This is a quality inherent in technological accidents of the machine, it is these errors that break through to provide the punctum. Barthes describes the punctum as disturbing the “studium” (the everyday) with a “sting, cut, little hole”. Gordon Hughes in his essay “Camera Lucida” asserts that the punctum gathers what is dead, what is going to die, oddly suspended like a ghost, between life and death. Just like a glitch the punctum presence is like a ghost in a machine, and what is dead could be comparable to a dead pixel. “Very often the punctum is a detail, i.e., a partial object”. In glitch art there is appreciation of that detail, the partial object perhaps being a random pixel.
To draw comparison, we must aim to understand what is a glitch. To do this we have to look back at the origins of the word. One definition is that “The word glitch itself has its provenance in the German word glitschen, meaning to slip” (Mitchell). Another explanation is the use of the word by NASA engineers and astronauts: “It seems to first come into the vernacular in the 1960s and ’70s — in the context of small, unforeseen technical errors in space travel.” (Siner).

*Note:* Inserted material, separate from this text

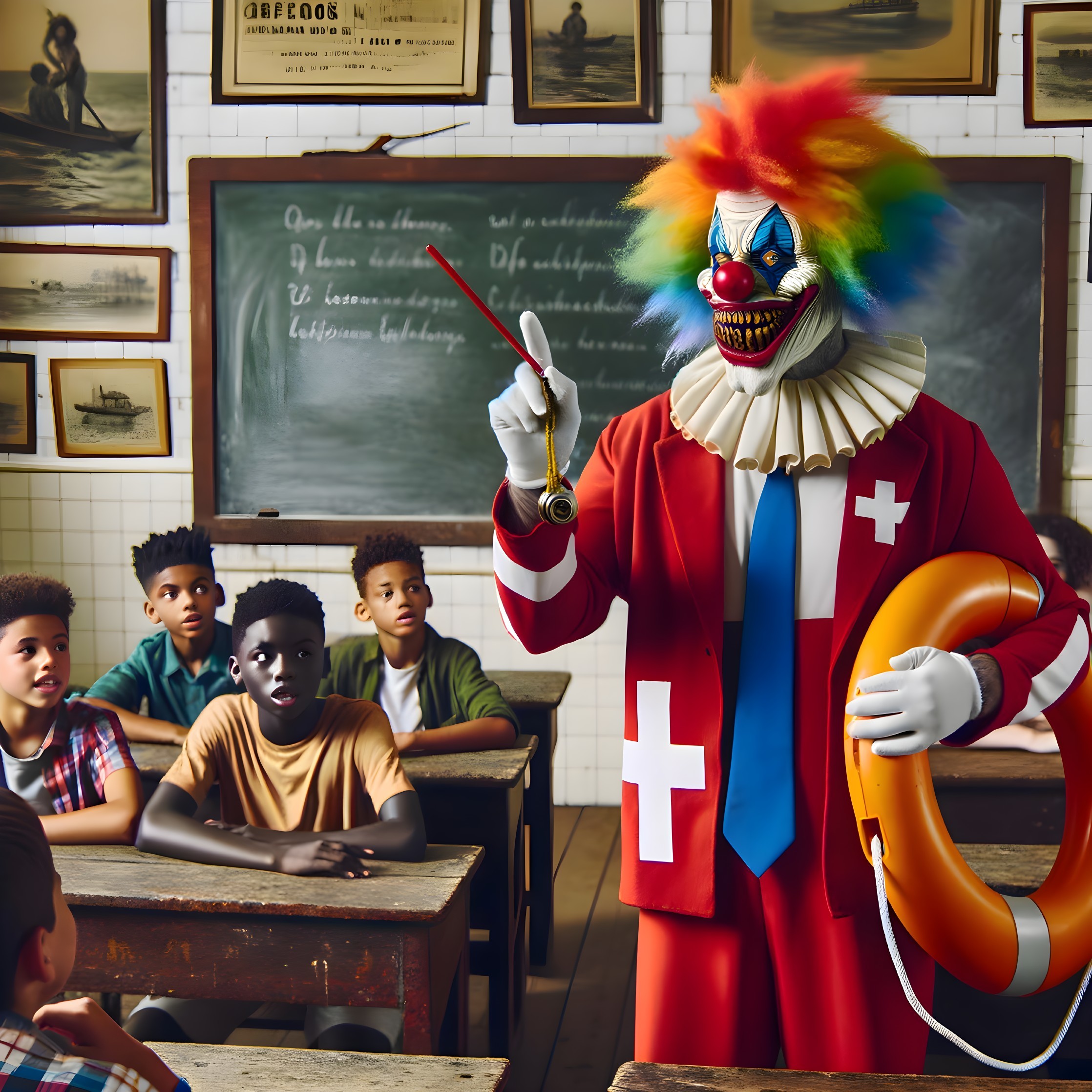 A creepy clown in lifeguard attire educates 19th-century kids on lifejackets in a classroom setting, blending humor with safety awareness in an unusual scenario.

Its use in terms of popular culture came to light when used to describe an error in mechanical equipment in space described by John Glenn’s “Into Orbit”, a 1962 account of Project Mercury. Its first use in English was in 1962 during the American space program in John Glen’s comment: “Literally, a glitch is a spike or change in voltage in an electrical current.” A glitch that is unintentional and problematic in a circuit for an engineer, can be the most interesting punctum within artistic discourse.
In the surreal landscape of the digital age we are surrounded by images; an overload of saturated media. There is a demand for high quality and expectations of technology to produce seamless perfection. Technical failure in digital technology can disrupt our viewing experience, we are used to seeing and expect a seamless flow of information on screens. What happens when the technology fails? There is a glitch. Artefacts emerge as unwanted corrupted digital code and data within the machines we use.
In terms of a contemporary context Moradi discusses that due to the pursuit of signal perfection, a higher definition in consumer electronics, glitches are eliminated in milliseconds. When referring to glitches Moradi suggests that “at times they completely steal the limelight”. This effect could also be considered a trait of the punctum. Barthes says that a photographs punctum is an accident that pricks but is also poignant. A glitch within any medium is an accident and is disturbing to our senses.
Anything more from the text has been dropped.